(Data records)
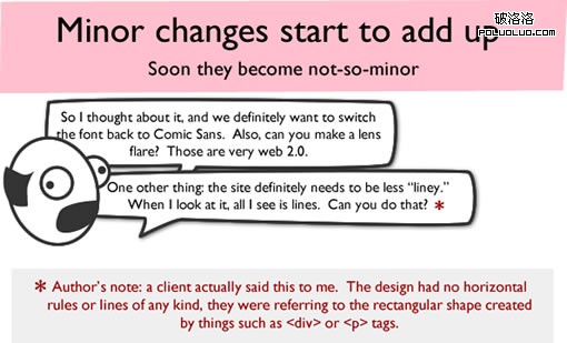 客戶:我想了一下,決定把字體調回Comic Sans. 另外,你能搞一個鏡頭光暈效果麼?它們看上去非常Web2.0. 另外,這個網站絕對不能太“線條化”了。當我看這個網站的時候,我看到的都是一行一行的。你能處理一下麼?
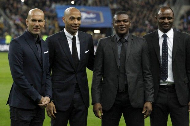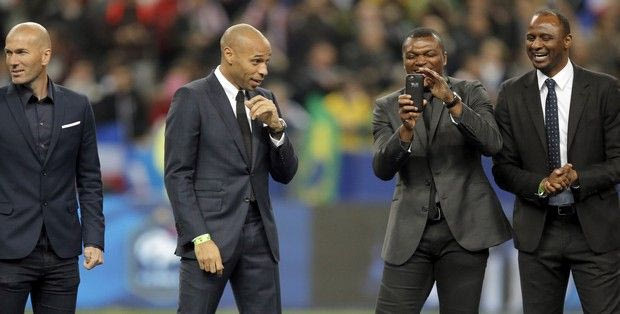 Former France's soccer players Zinedine Zidane, Thierry Henry, Marcel Desailly and Patrick Vieira, from left, are honored prior to the international friendly soccer match between France and Brazil at the Stade de France, north of Paris, France, Thursday, March 26, 2015. (AP Photo/Francois Mori) AP Photo/Francois Mori
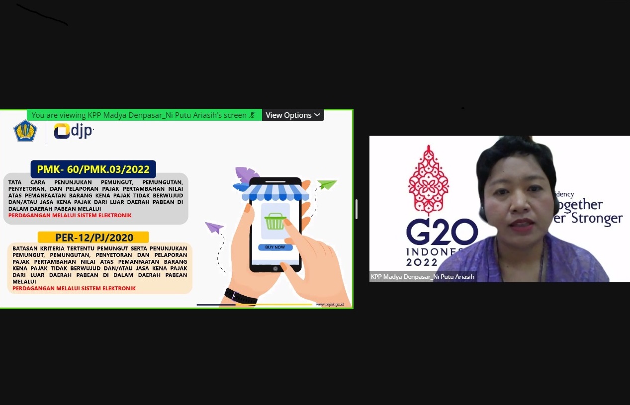Kantor Pelayanan Pajak (KPP) Madya Denpasar kembali mengadakan kelas pajak dengan topik aturan turunan Undang–Undang Harmonisasi Peraturan Perpajakan (HPP) yang dihadiri oleh 71 Wajib Pajak Badan secara daring melalui kanal Zoom Meeting di Denpasar, Bali (Kamis, 23/06).
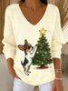 Top décontracté à manches longues imprimé animal de Noël vintage pour femmes
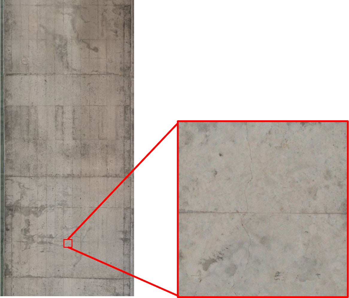 また画像撮影後のオルソモザイク画像作成は壁状構造物の場合と同様のプロセスで行われ、「性能カタログ」に記載される撮影仕様を適用した場合、最小ひびわれ幅0.05mm、幅計測精度(RMS)0.1mm未満のオルソモザイク画像が作成されます。
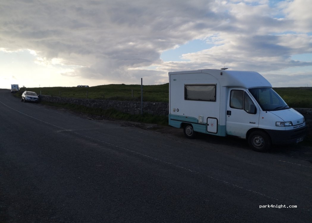 Pas idéal pour être tranquille mais pour passer la nuit proche du port de Doolin (15 min à pied) c'est pratique. Directement après le parking en bataille pour voiture c'est en pente mais un peu plus haut on peut réussir à se mettre de niveau avec les cales. Couché de soleil le soir en marchant vers le port et petit pub juste en bas à 200m à pied.
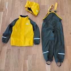 - Praktiska regnkläder som håller barnen torra under skurar.
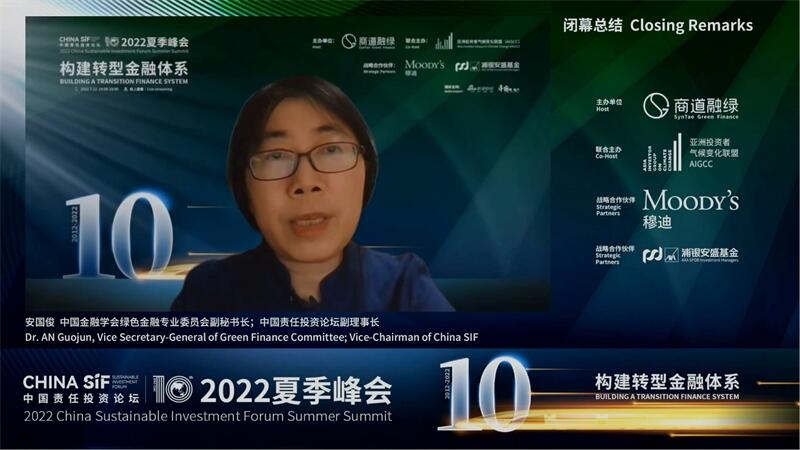 最后,中國金融學會綠色金融專業(yè)委員會副秘書長、China SIF副理事長安國俊博士做了總結(jié)發(fā)言。她指出,要充分發(fā)揮綠色金融和轉(zhuǎn)型金融的作用,首先要加強投資、金融、財稅等工具創(chuàng)新,激勵社會資本投入綠色低碳產(chǎn)業(yè)及轉(zhuǎn)型技術(shù)領(lǐng)域;完善綠色金融與綠色財政、產(chǎn)業(yè)政策協(xié)調(diào)發(fā)展的“1+N”政策體系,推進綠色金融、轉(zhuǎn)型金融、可持續(xù)金融、氣候投融資、影響力協(xié)同發(fā)展。引導綠色基金ESG投資、資本向善的趨勢和體系的完善。同時也要逐步完善與轉(zhuǎn)型金融相關(guān)的行業(yè)標準、風險定價機制等“基礎(chǔ)設(shè)施”框架的搭建,培育綠色基金、碳中和基金等綠色投資者,將資管產(chǎn)品創(chuàng)新與社會責任承擔有效協(xié)同,為雙碳目標構(gòu)建我國綠色金融與轉(zhuǎn)型金融協(xié)同發(fā)展的體系。

• TASK OBJECTIVE
Take the lines from the first line of the entries through the line with "- Praktiska regnkläder", inclusive, and give them again exactly, minus any pictures.

• RESPONSE TO THIS TASK
 客戶:我想了一下,決定把字體調回Comic Sans. 另外,你能搞一個鏡頭光暈效果麼?它們看上去非常Web2.0. 另外,這個網站絕對不能太“線條化”了。當我看這個網站的時候,我看到的都是一行一行的。你能處理一下麼?
 Former France's soccer players Zinedine Zidane, Thierry Henry, Marcel Desailly and Patrick Vieira, from left, are honored prior to the international friendly soccer match between France and Brazil at the Stade de France, north of Paris, France, Thursday, March 26, 2015. (AP Photo/Francois Mori) AP Photo/Francois Mori
Kantor Pelayanan Pajak (KPP) Madya Denpasar kembali mengadakan kelas pajak dengan topik aturan turunan Undang–Undang Harmonisasi Peraturan Perpajakan (HPP) yang dihadiri oleh 71 Wajib Pajak Badan secara daring melalui kanal Zoom Meeting di Denpasar, Bali (Kamis, 23/06).
 Top décontracté à manches longues imprimé animal de Noël vintage pour femmes
 また画像撮影後のオルソモザイク画像作成は壁状構造物の場合と同様のプロセスで行われ、「性能カタログ」に記載される撮影仕様を適用した場合、最小ひびわれ幅0.05mm、幅計測精度(RMS)0.1mm未満のオルソモザイク画像が作成されます。
 Pas idéal pour être tranquille mais pour passer la nuit proche du port de Doolin (15 min à pied) c'est pratique. Directement après le parking en bataille pour voiture c'est en pente mais un peu plus haut on peut réussir à se mettre de niveau avec les cales. Couché de soleil le soir en marchant vers le port et petit pub juste en bas à 200m à pied.
 - Praktiska regnkläder som håller barnen torra under skurar.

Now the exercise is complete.